On se demande s'il faut rire ou pleurer. On imagine en tout cas très bien la "poker face" du scénariste au moment de cet échange, qui eu lieu en plein milieu des années 90. D'ailleurs, il le relate très bien dans cet article instructif du Los Angeles Times. Et le scénariste d'ironiser aujourd'hui : "Il y a 25 ans, il n'y avait qu'une seule personne noire dans le studio pour rappeler qu'Harriet Tubman était une femme noire". Le choix de Julia Roberts n'était pas forcément l'idée la plus pertinente du siècle...
Photographie de la figure contestatrice Harriet Tubman.

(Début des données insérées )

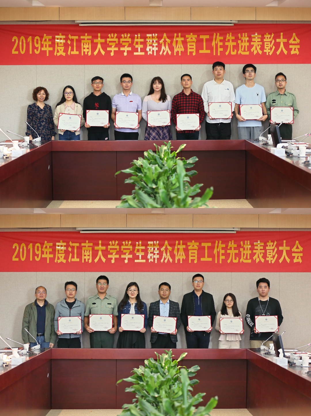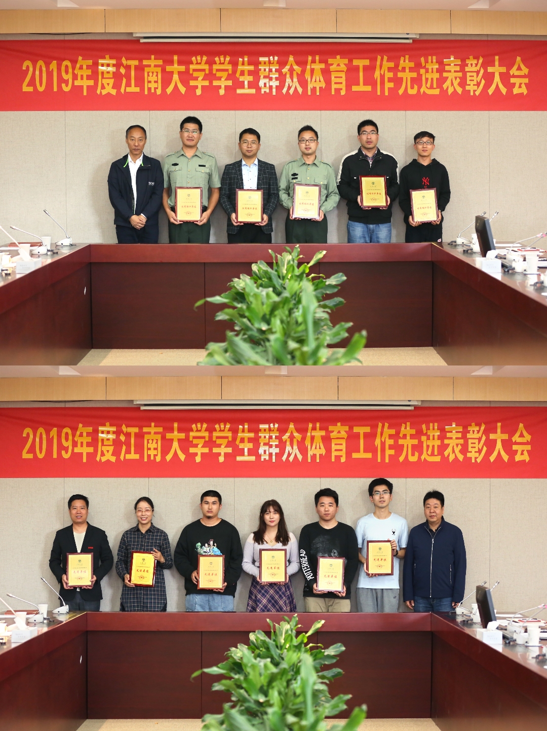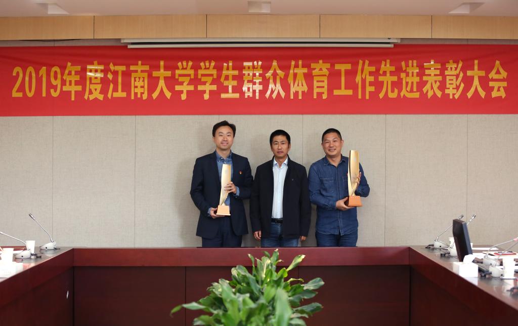 首先,校体育运动委员会副主任徐学明宣读了《关于表彰2019年度江南大学学生群众体育工作先进单位、优秀组织单位和先进个人的决定》。戴月波为荣获2019年度“何振梁”杯的商学院与生物工程学院颁奖;党委常委倪松涛、朱飞和校体育运动委员会副主任徐学明、黄壮霞分别为其他获奖单位和个人颁发奖牌和荣誉证书。会上,体育部副主任戴平就本学期将举办的“同心抗疫、健康江南”校园马拉松活动的时间、参赛范围、分组情况、具体组织、防疫措施等工作进行了介绍。
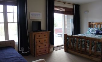 The lowest level of the condo contains two more bedrooms and laundry. The master bedroom (sleeps 4) has a king and daybed as well as direct access to the hot tub. The third bedroom contains a queen bed and direct access to the hot tub as well. They both have private bathrooms.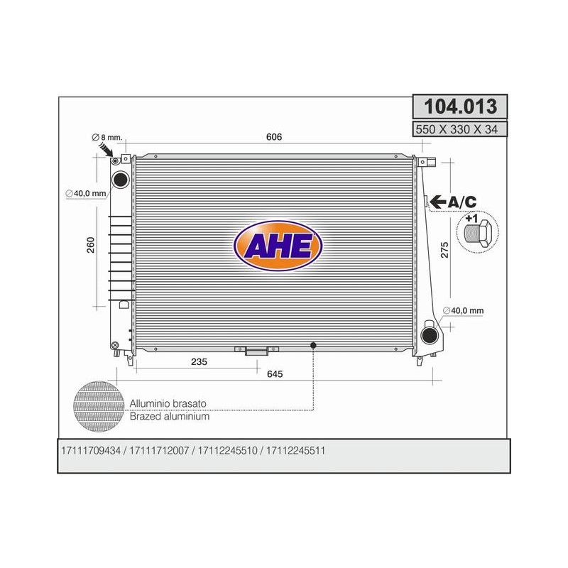 104.050/A RADIATOR BMW 525 TD/TDS (E39)M/AT +/-AC 104.050/A Quotation ›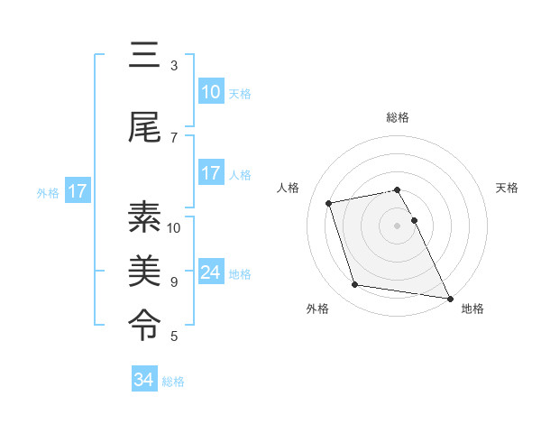 三尾 素美令さんを姓名の画数から五運を鑑定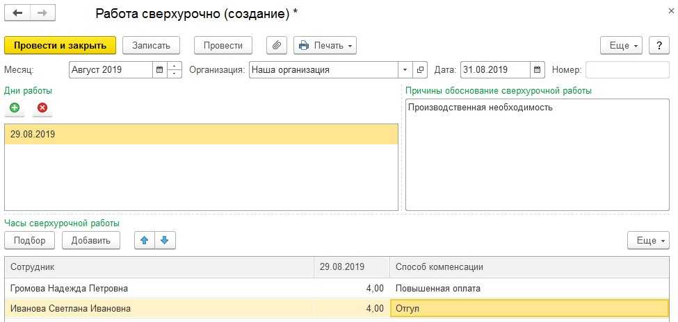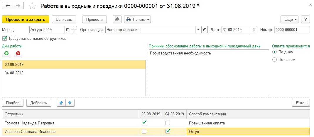 Заполненный документ необходимо провести. Кнопка «Печать» позволяет получить печатный вариант приказа о выполнении работ в выходные или праздничные дни.

Comme quoi, le white washing ne date pas d'hier. White-washer, c'est le fait d'attribuer à un acteur blanc ou une actrice blanche le rôle d'un personnage de couleur. Une réappropriation culturelle malheureuse autant que banalisée, dont les exemples sont légion. De la polémique suscitée par le choix de Scarlett Johansson pour incarner le rôle de la cyborg Motoko Kusanagi dans l'adaptation live du manga japonais Ghost in the Shell à celui du pas très perse Jake Gyllenhaal pour tenir l'affiche du film d'aventures Prince of Persia : Les Sables du temps, ces "blanchiments" témoignent du peu de diversité dont font état les blockbusters américains. En ce sens, l'évocation de Julia Roberts pour incarner une figure noire historique fait office de cas d'école.

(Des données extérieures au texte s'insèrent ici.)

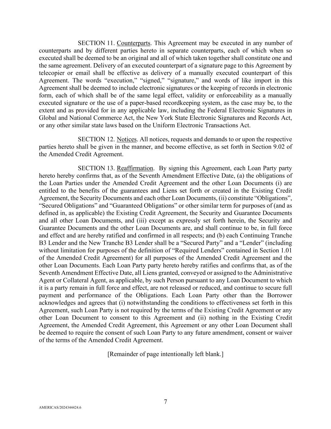 7 AMERICAS/2024344424.6 SECTION 11. Counterparts. This Agreement may be executed in any number of counterparts and by different parties hereto in separate counterparts, each of which when so executed shall be deemed to be an original and all of which taken together shall constitute one and the same agreement. Delivery of an executed counterpart of a signature page to this Agreement by telecopier or email shall be effective as delivery of a manually executed counterpart of this Agreement. The words “execution,” “signed,” “signature,” and words of like import in this Agreement shall be deemed to include electronic signatures or the keeping of records in electronic form, each of which shall be of the same legal effect, validity or enforceability as a manually executed signature or the use of a paper-based recordkeeping system, as the case may be, to the extent and as provided for in any applicable law, including the Federal Electronic Signatures in Global and National Commerce Act, the New York State Electronic Signatures and Records Act, or any other similar state laws based on the Uniform Electronic Transactions Act. SECTION 12. Notices. All notices, requests and demands to or upon the respective parties hereto shall be given in the manner, and become effective, as set forth in Section 9.02 of the Amended Credit Agreement. SECTION 13. Reaffirmation. By signing this Agreement, each Loan Party party hereto hereby confirms that, as of the Seventh Amendment Effective Date, (a) the obligations of the Loan Parties under the Amended Credit Agreement and the other Loan Documents (i) are entitled to the benefits of the guarantees and Liens set forth or created in the Existing Credit Agreement, the Security Documents and each other Loan Documents, (ii) constitute “Obligations”, “Secured Obligations” and “Guaranteed Obligations” or other similar term for purposes of (and as defined in, as applicable) the Existing Credit Agreement, the Security and Guarantee Documents and all other Loan Documents, and (iii) except as expressly set forth herein, the Security and Guarantee Documents and the other Loan Documents are, and shall continue to be, in full force and effect and are hereby ratified and confirmed in all respects; and (b) each Continuing Tranche B3 Lender and the New Tranche B3 Lender shall be a “Secured Party” and a “Lender” (including without limitation for purposes of the definition of “Required Lenders” contained in Section 1.01 of the Amended Credit Agreement) for all purposes of the Amended Credit Agreement and the other Loan Documents. Each Loan Party party hereto hereby ratifies and confirms that, as of the Seventh Amendment Effective Date, all Liens granted, conveyed or assigned to the Administrative Agent or Collateral Agent, as applicable, by such Person pursuant to any Loan Document to which it is a party remain in full force and effect, are not released or reduced, and continue to secure full payment and performance of the Obligations. Each Loan Party other than the Borrower acknowledges and agrees that (i) notwithstanding the conditions to effectiveness set forth in this Agreement, such Loan Party is not required by the terms of the Existing Credit Agreement or any other Loan Document to consent to this Agreement and (ii) nothing in the Existing Credit Agreement, the Amended Credit Agreement, this Agreement or any other Loan Document shall be deemed to require the consent of such Loan Party to any future amendment, consent or waiver of the terms of the Amended Credit Agreement. [Remainder of page intentionally left blank.]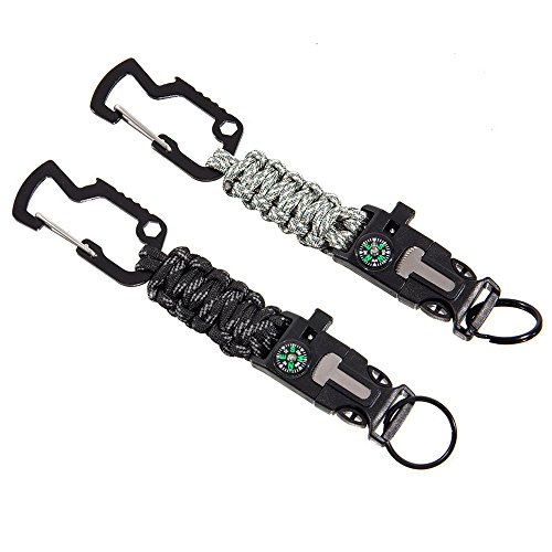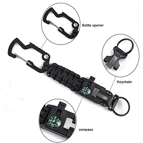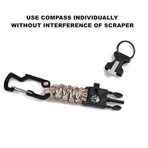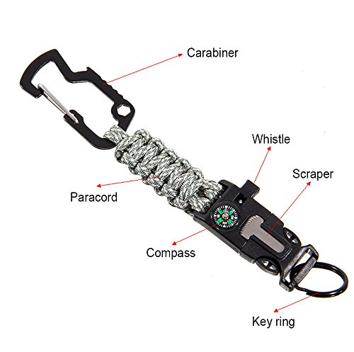 - 8-IN-1 EDC Keychain: Carabiner, Compass, Bottle opener, Whistle, Fire stater, Key ring, Emergency paracord, Scrapper (Emergency Knife).

Cette anecdote n'est pas seulement absurde. Elle rend compte de la frilosité des studios dès lors qu'il s'agit d'accorder à une femme noire le devant de l'affiche. Gregory Allen Howard en témoigne d'ailleurs dans sa tribune. En lui consacrant un film, l'auteur souhaitait ériger Harriet Tubman en héroïne "badass" et populaire, l'emblème d'une revendication qui passe par l'action, sans pour autant avoir l'impression de "prêcher" son audience. Mais ces intentions "mainstream" n'ont pas empêché son scénario de moisir dans un tiroir des années durant. Producteurs comme partenaires financiers trouvaient cette histoire de lutte contre l'esclavagisme tout sauf bankable. "La peur les refroidissait", déplore-t-il.

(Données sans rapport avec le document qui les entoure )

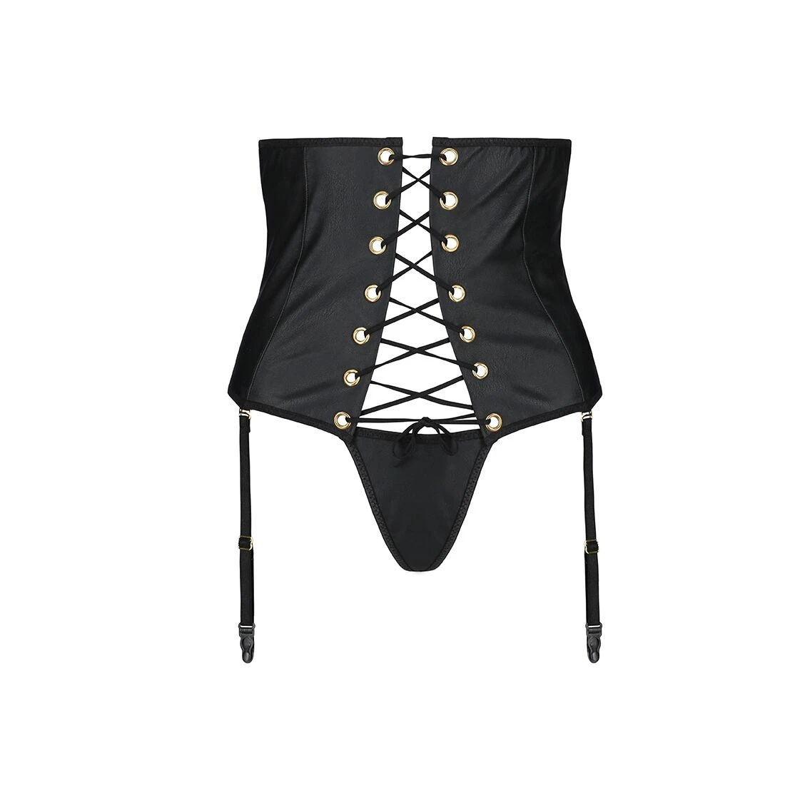 Создайте идеальный силуэт и роскошный образ, купите пояс-корсет из экокожи Celine Set with Open Bra black XXL/XXXL — Passion — проверенный временем инструмент соблазнения, который никогда не выйдет из моды. Элегантный пояс-корсет из материала, имитирующего кожу, с красивой шнуровкой и съемными пажами, дополненный миниатюрными трусиками, поможет вам создать по-настоящему грациозный образ.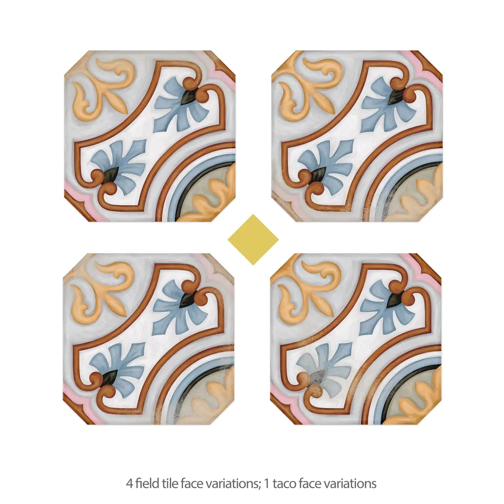 Merola Tile Vaudeville Octagon Deco Diglas With Taco Lima 7-7/8" X 7-7/8" Porcelain Floor And Wall Tile - Case (50 Tiles)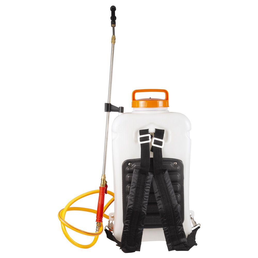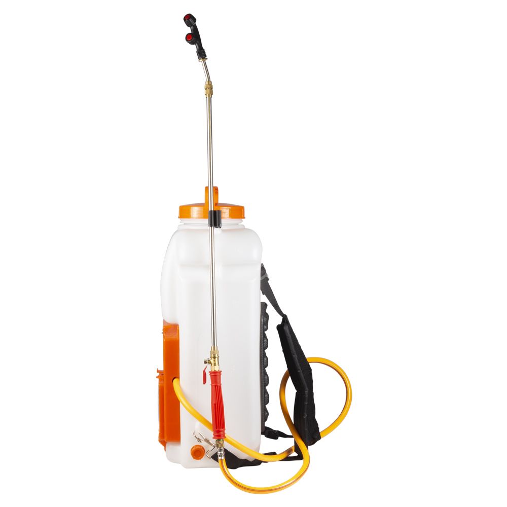 Обприскувач акумуляторний Ergo 16л FLORA (5001324) - це поливальний інвентар, зазвичай застосовується в господарстві для зрошення водою або іншою рідиною грунт. Використовують цей пристрій коли рослині потрібні поживні речовини, а джерело даних речовин відсутня. Обприскувачі призначені для обробки рослин засобами захисту, гербіцидами і рідкими добривами. Маленькі зазвичай використовуються для квітів, а великі від 3л до 15л потрібні для проведення трудомістких робіт в саду. Садові обприскувачі допоможуть не тільки позбутися від шкідників і хвороб, але і забезпечать полив квітів, що вимагають акуратного поводження.

"Ce que je réalise maintenant, c'est que le film n'aurait pas pu être tourné... si la situation à Hollywood n'avait pas changé depuis", ajoute-t-il cependant. Car peu à peu, le scénario est revenu à l'ordre du jour. La boîte Focus Features a fini par donner son feu vert l'an dernier pour le lancement du tournage de ce biopic, baptisé Harriett, lequel va (enfin) envahir les salles obscures le 1er novembre aux États-Unis. Twist, c'est une femme afro-américaine (et pas l'actrice de Pretty Woman) qui incarnera le rôle-titre : la comédienne et chanteuse Cynthia Erivo.
De quoi être plus optimiste ? Oui, à en lire le scénariste. Selon ce dernier, le retentissement médiatique d'une campagne de protestation comme #OscarsSoWhite (exigeant des productions plus inclusives) et le succès d'une superproduction Marvel comme Black Panther sont tous deux représentatifs d'une évolution des mentalités - et des représentations - qui, à Hollywood comme ailleurs, prend beaucoup, beaucoup de temps. En l'occurrence, des décennies. Désormais et toutes proportions gardées, un vent de changement semble planer sur l'usine à rêves. Et Gregory Allen Howard de l'espérer : "Maintenant la porte est ouverte". Et que l'on se rassure, Julia Roberts devrait encore avoir du taf.